Children Shouldn’t Get COVID-19 Vaccines, Harvard Professor Says
Children should not get vaccinated against the virus that causes COVID-19, according to Harvard University professor of medicine Martin Kulldorff.
“I don’t think children should be vaccinated for COVID. I’m a huge fan of vaccinating children for measles, for mumps, for polio, for rotavirus, and many other diseases, that’s critical. But COVID is not a huge threat to children,” he said on EpochTV’s “American Thought Leaders” program. The full episode can be watched on EpochTV.
“They can be infected, just like they can get the common cold, but they’re not a big threat. They don’t die from this, except in very rare circumstances. So if you want to talk about protecting children or keeping children safe, I think we can talk about traffic accidents, for example, which they are really at some risk.
“And there are other things that we should make sure [of] to keep children safe. But COVID is not a big risk factor for children.”
“Hospitals should hire nurses & other staff with natural immunity…They are the ones who are least likely to infect the residents. [Yet] we’re doing the opposite. They’re being fired.”
Deep-dive w/ Harvard epidemiologist @MartinKulldorff
— Jan Jekielek (@JanJekielek) October 26, 2021
Vaccinating older people and people of all ages with compromised immune systems against the CCP (Chinese Communist Party) virus, which causes COVID-19, has drawn support from most medical experts. But vaccinating healthy young people, particularly children, has triggered more opposition, in part because of how little risk COVID-19 poses to them.
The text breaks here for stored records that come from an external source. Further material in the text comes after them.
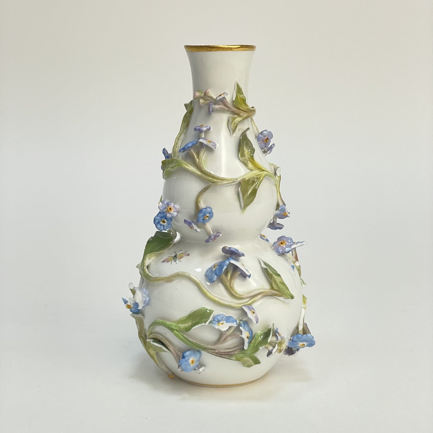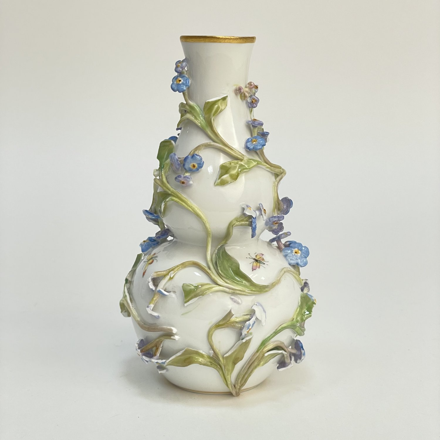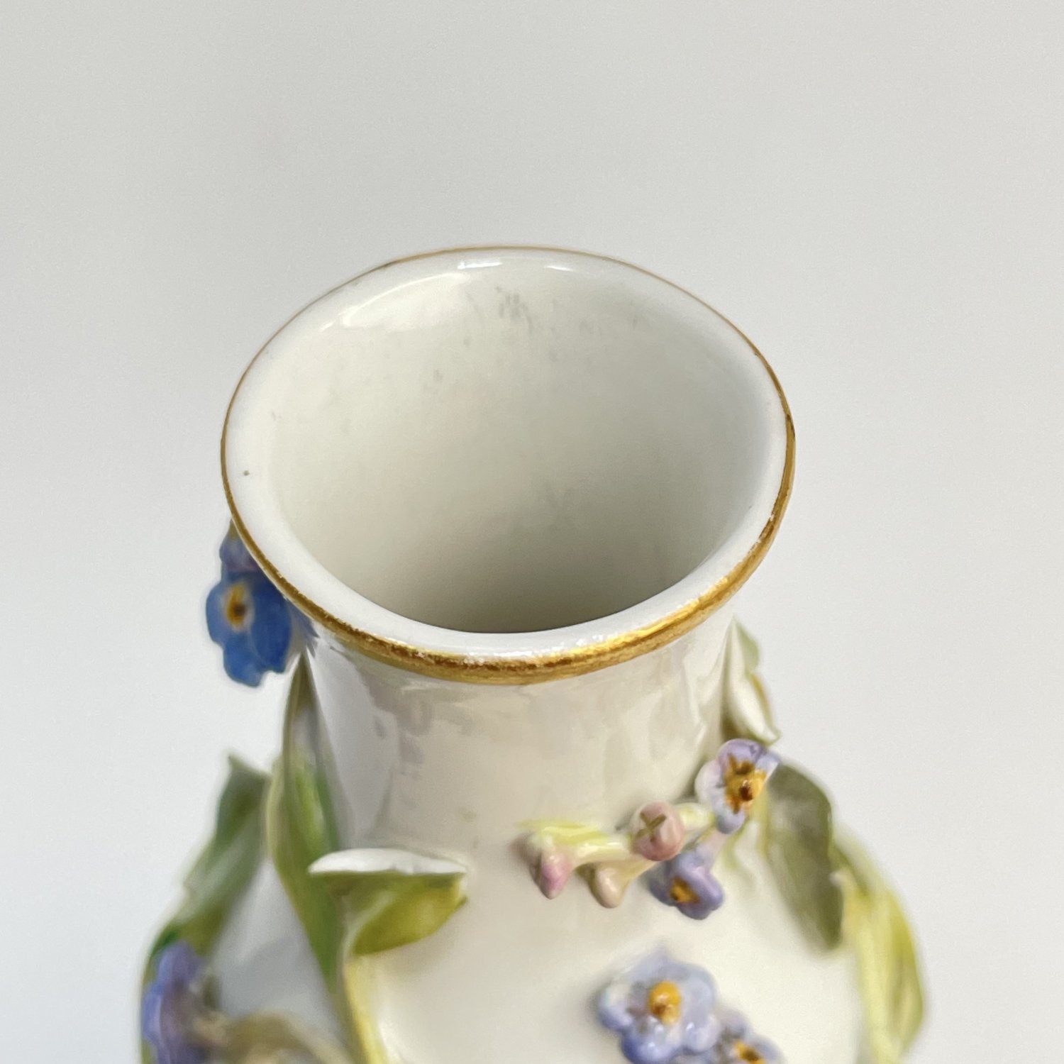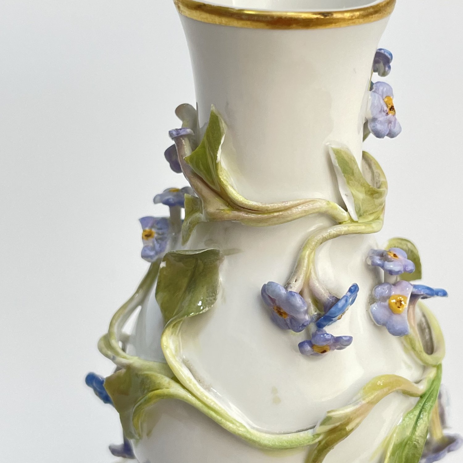 Отличный подарок на 14 февраля и 8 Марта. Ваза Meissen , фарфор 1860-1870 г. Надглазурная роспись полихромная, лепные цветы, позолота. Размеры: высота 12,5 см, диаметр 7 см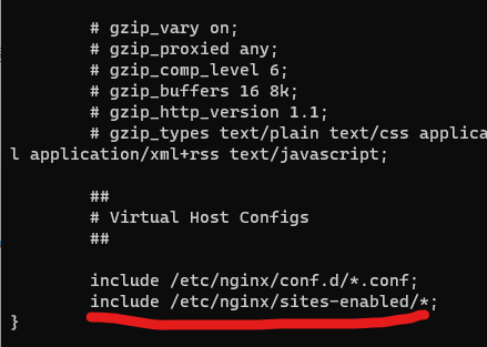 nginx.conf를 내리다보면, 다음과 같이 /etc/nginx/sites-enabled/* 가 있다. sites-enabled폴더 하위의 모든 파일을 include하기 때문에 저 경로를 따라가서 확인한다.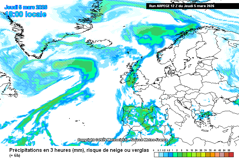 Précisions : Ces cartes présentent les données du modèle ARPEGE 0.25° de Météo-France. Les cartes sont réactualisées rapidement en temps réel à partir de 4h00, 11h00, 16h00 et 23h00. Echéance max. : 102h pour le 00Z, 06Z et 18Z, 114h pour le 12Z Merci à Météo-France pour la disposition de ces données en Open-Data (licence Etalab)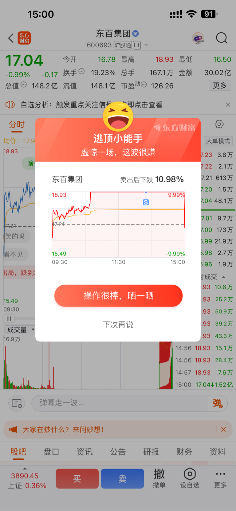 很庆幸我克服了贪婪涨停扯单我感觉到不太对当时不太确定,但是有句话说的好宁愿错过不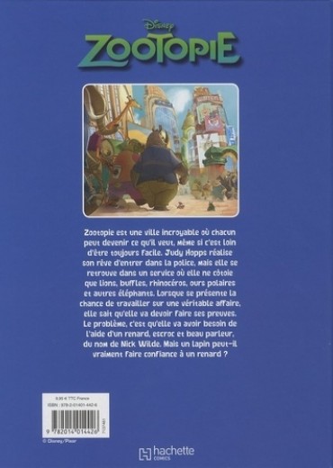 La jeune Judy Hopps est une adorable lapine qui rêve dintégrer la police de Zootopie. Lorsque son rêve se réalise enfin, Judy est ravie, mais pas au bout de ses surprises ! Car, pour résoudre une enquête, elle va devoir faire équipe avec un renard aussi sournois que rusé…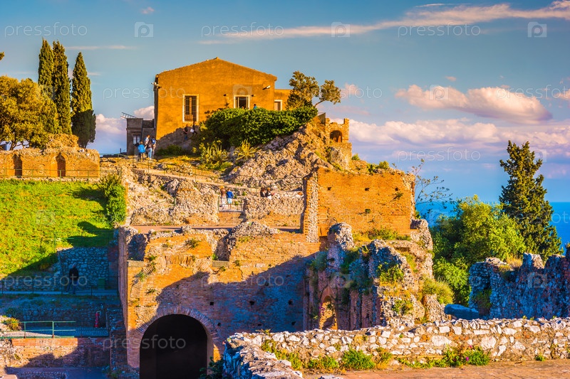 Руины Таормине театра на закате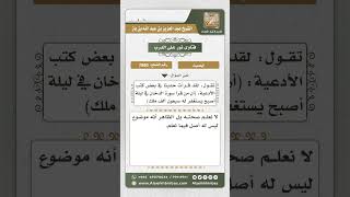 اه هذان سؤالان من الاخت المستمعة فعين من الخرج. نعم. اه سؤالها الاول تقول لقد قرأت حديثا في بعض كتب الادب ان من قرأ سورة الدخان في ليلة اصبح يستغفر له سبعون الف ملك. فما مدى صحة هذا الحديث؟ لا نعلم صحته - 00:00:00ضَ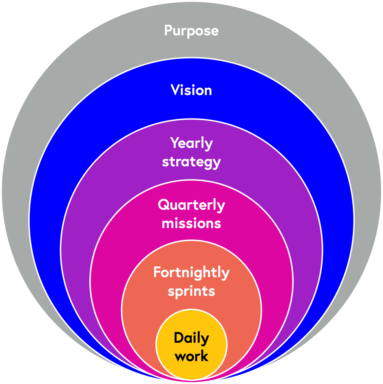 There are various ways that you can help visualise what is sometimes referred to as your agile onion—the idea that a team member can connect their daily work, to sprint goals through quarterly objectives all the way up to the strategy, vision, and purpose.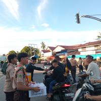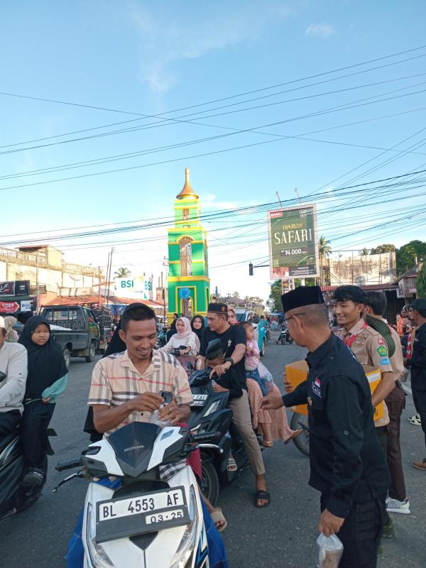 Aceh Selatan, Kota Fajar 25/03/2025. Puluhan anggota Pramuka Kwartir Cabang Gerakan Pramuka Aceh Selatan yang berasal dari berbagai Gudep di Kluet Utara dan Kluet Selatan menggelar aksi peduli dan solidaritas dengan membagikan ratusan takjil. Pembagian takjil dipusatkan disimpang empat Kota Fajar Kluet Utara, Selasa 25 Maret 2025 menjelang berbuka puasa.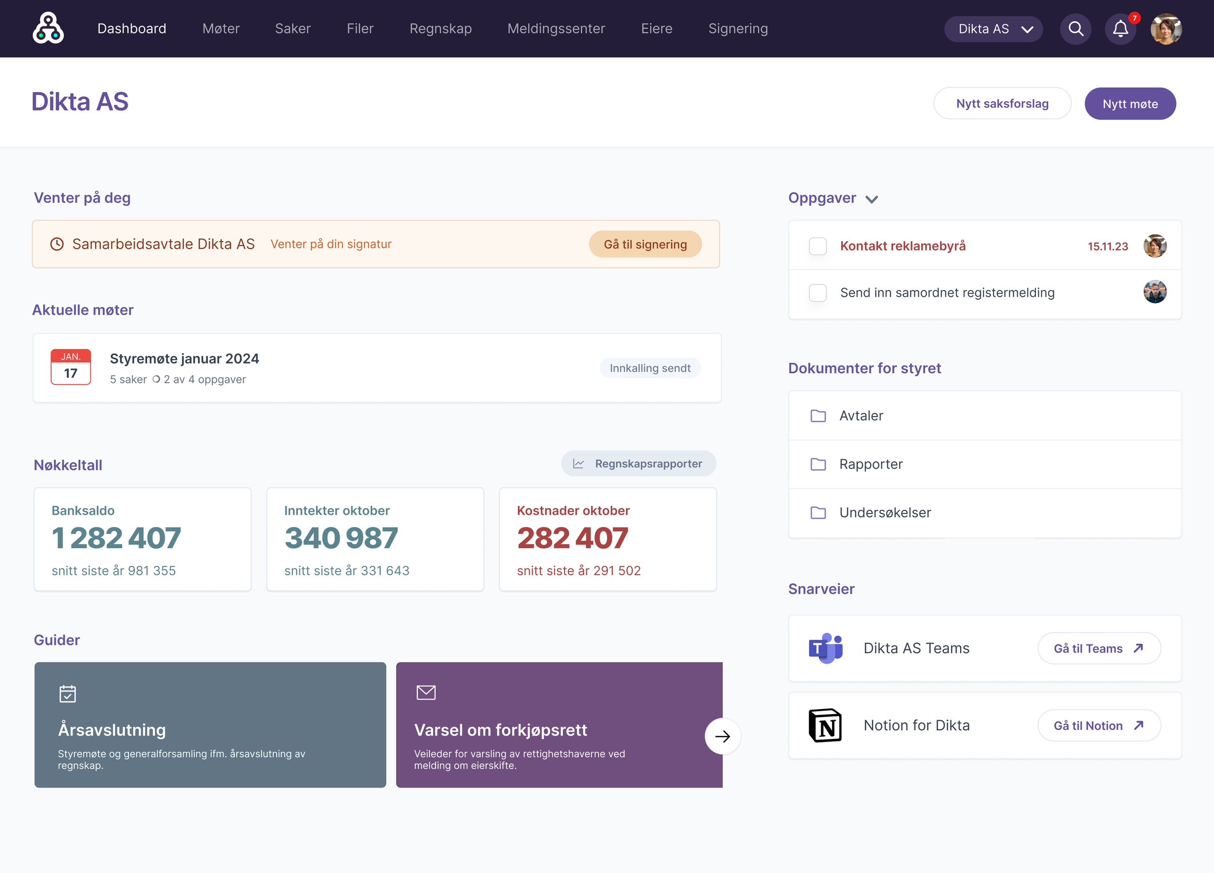 Her samler styret alle dokumentene, oppgavene, møtene og referatene, og får tilgang på verktøy og funksjoner for å utføre oppgavene de har i forbindelse med styrearbeidet.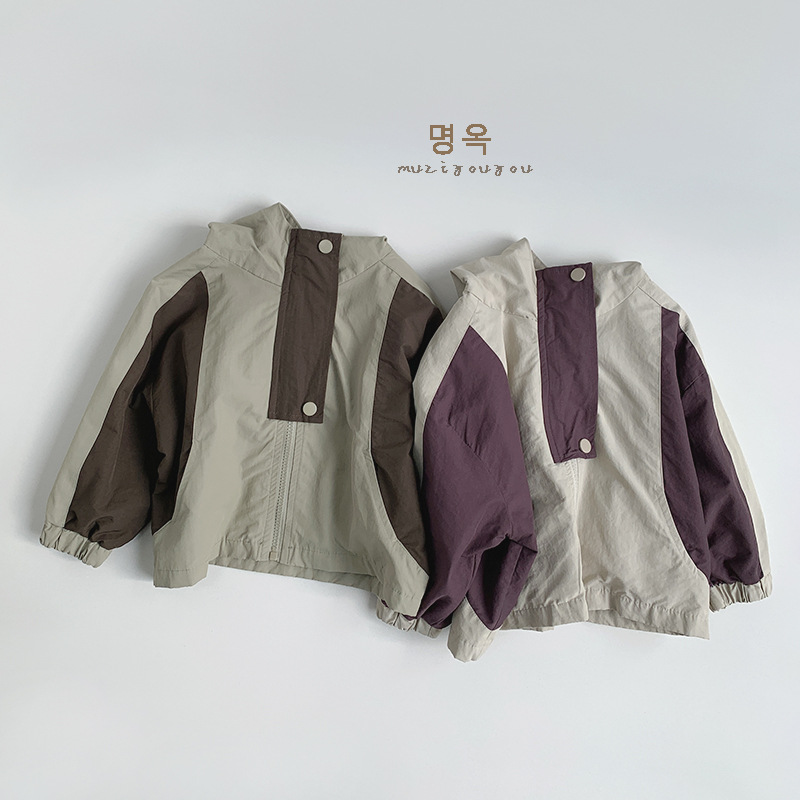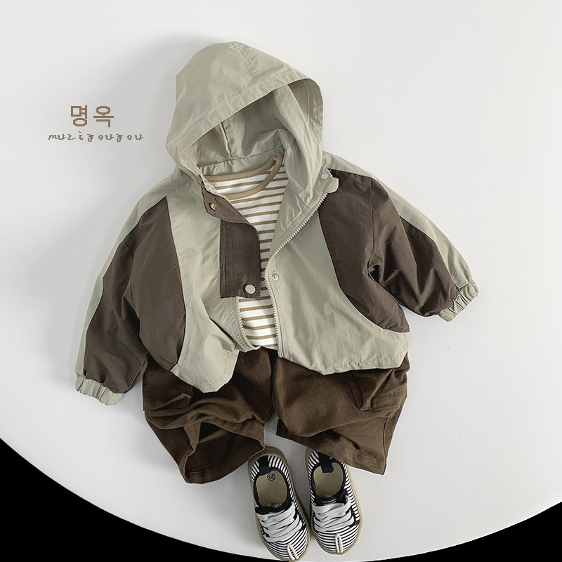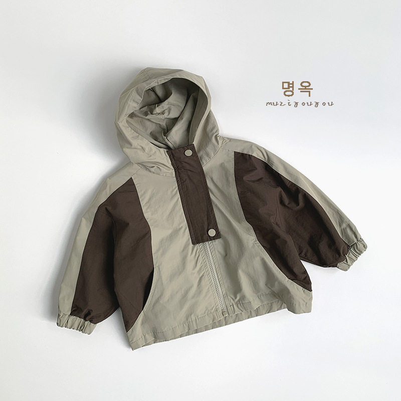 어린이 콘트라스트 코트 2025 봄 새 소년 소녀 후드 탑 중소형 어린이 아기의 맞춤형 야외 아동복

Children are more likely to contract serious disease or die from the annual influenza, or the flu, than COVID-19, according to data and studies that Kulldorff has reviewed. Just 195 children under the age of 4 and 442 between 5 and 18 have died from COVID-19 in the United States as of Oct. 20, according to the Centers for Disease Control and Prevention. Children are 15 times less likely to be hospitalized with the disease than individuals who are 85 or older, and 570 times less likely to die, the agency says.
“One example is from Sweden, during the first wave in the spring of 2020, which affected Sweden quite strongly,” Kulldorff said. “But Sweden decided to keep daycare and schools open for all children ages 1 to 15. And there are 1.8 million such children who got through the first wave without vaccines, of course, without masks, without any sort of distancing in schools.
“If a child was sick, they were told to stay home. But that was basically it. And you know how many of those 1.8 million children died from COVID? Zero. Only a few hospitalizations. So this is not a risky disease for children.”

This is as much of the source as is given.